According to World Intellectual Property Organization data, inventors are highly mobile geographically with a migration rate of around 8 percent. But what determines their patterns of migration, and, in particular, how does tax policy affect migration? The fear of a “brain drain” and the exodus of economically valuable agents in response to higher taxation has led to a vivid public debate regarding the taxation of high-income people. For instance, in response to the New York Times’ article “The Myth of the Rich Who Flee from Taxes,” following Gerard Depardieu’s Russian exodus for tax purposes, Forbes published “Sorry New York Times, Tax Flight of the Rich Is not a Myth.”

Our research studies the effects of top income tax rates on the international migration of inventors, who are key drivers of technological progress. While an important issue, the response of international migration to taxation has remained underexplored due to an absence of appropriate data. One exception is a study of the migration responses of football players, but these economic agents are very different from inventors.

We use a unique international data set on all inventors from the U.S. and European patent offices to track the international location of inventors since the 1970s. The benchmark data are from the disambiguated inventor data, based on inventors who patent with the United States Patent Office (USPTO). The focus is on the eight Organisation for Economic Co-operation and Development (OECD) countries that represent the bulk of USPTO patents for the period 1977–2000: Canada, France, Germany, Great Britain, Italy, Japan, Switzerland, and the United States. The U.S. and European patent offices together account for a large fraction of worldwide patents, so our sample contains most of the inventors who patent. We combine these inventor data with international top effective marginal tax rates data.

Particularly interesting are “superstar” inventors, those with the most abundant and most valuable innovations. The distribution of inventor quality, as captured by the citations that an inventor’s patents receive, is highly skewed: while the median and mean inventors have, respectively, 11 and 42 lifetime citations, the average top 1 percent superstar inventor has 1019 citations.

Several major challenges arise when studying the migration responses to taxation. First, migration decisions should depend on the counterfactual income that an agent expects to receive in each potential location, which is not observed. Second, migration decisions should depend on the counterfactual average tax rate that the agent expects to pay in each potential location, which itself depends on the (unknown) counterfactual income earned. Finally, average tax rates may be endogenous to other factors in a given country and year.

To address these challenges, we construct proxies for inventors’ counterfactual earnings in each potential destination country, including, in particular, measures of inventor quality. Indeed, the patent data allow us to measure inventor productivity and quality directly. Our benchmark measure of quality is citations-adjusted patents, but we also consider the number of patents, average citations per patent, and the maximum citations per patent, as well as measures of the breadth of patents and breadth of impact of an inventor. We focus on inventors who are employees of companies and, hence, not the owners of their patents.

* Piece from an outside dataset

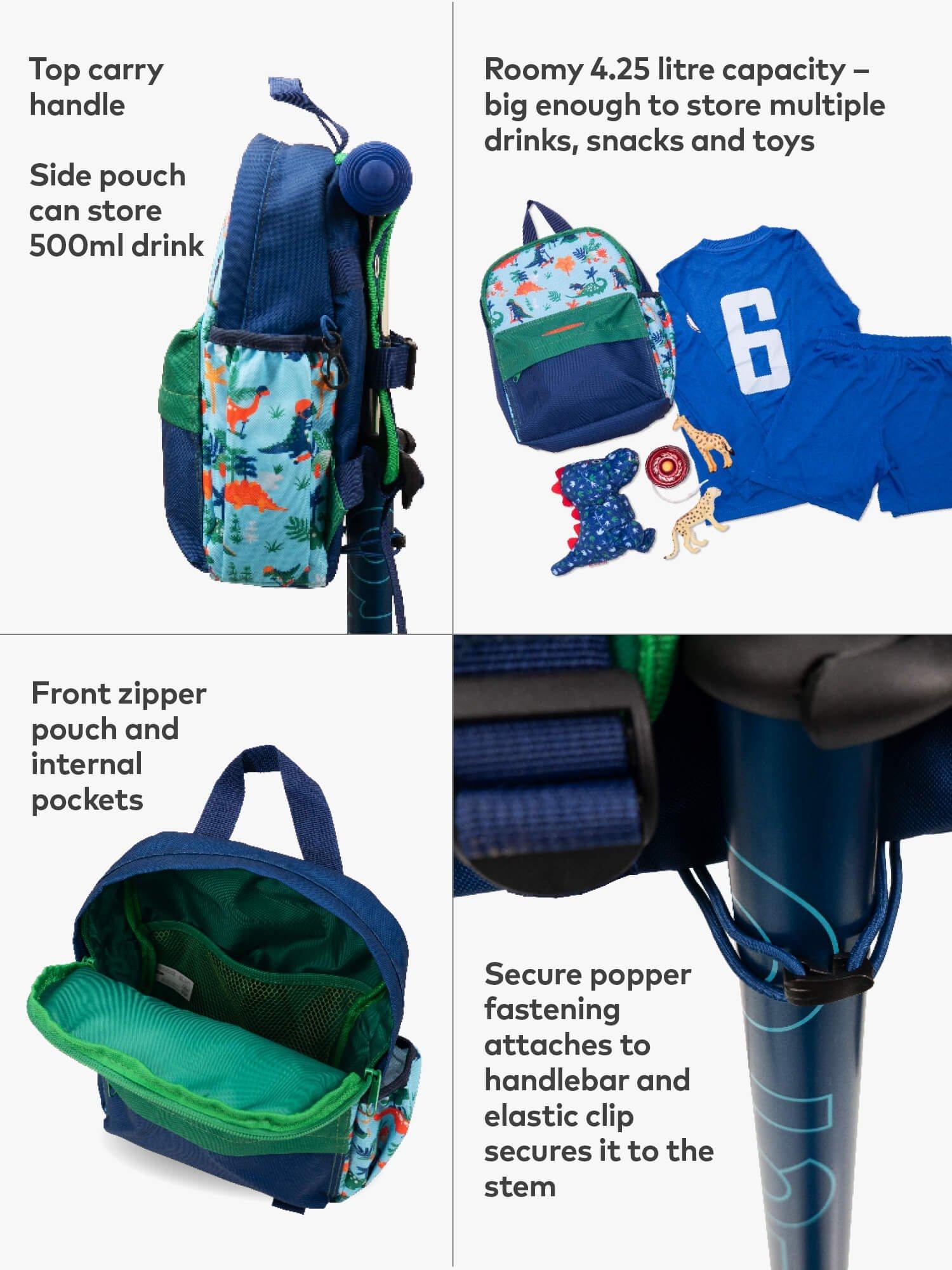 Made from rPet, a recycled polyester yarn created from plastic bottles, the backpack attaches to all Mini, Maxi, Sprite and Cruiser scooters via secure poppers. The backpack is fully lined and includes a drinks pouch on the side, one spacious main compartment with secure zip fastening and one front zipped pocket. Fully adjustable straps, a keyring hook, and secure back strap ensures the backpack is comfortable and practical to wear.

The quality measures based on citations are important determinants of inventors’ incomes. Directly, more citations mean a higher economic value of the patent, which companies typically reward through bonuses or “fair-share” agreements. Indirectly, employers presumably try to promote and retain their star employees, as characterized by high patent qualities.

Based on our benchmark quality measure, we construct a corresponding quality distribution, conditional on region of origin and year, and determine the rank of each inventor in this distribution. We define superstar inventors as those in the top 1 percent of the quality distribution, and similarly construct the top 1–5 percent, the top 5–10 percent, and subsequent quality brackets.

The evidence presented suggests that the top 1 percent superstar inventors are well into the top tax bracket. While the top 1–5 percent are still likely to be in the top tax bracket, the likelihood of being there declines sharply as we move down through the top 5–10 percent to the top 10–25 percent or below the top 25 percent inventors. Hence, the lower quality groups (top 5–10 percent, top 10–25 percent, and below top 25 percent) serve as control groups for the top 1 percent group. Moreover, top tax rates are a good approximation for the average tax rate (which is what drives migration) for top earners, who are deep into the top tax bracket, as is the case here.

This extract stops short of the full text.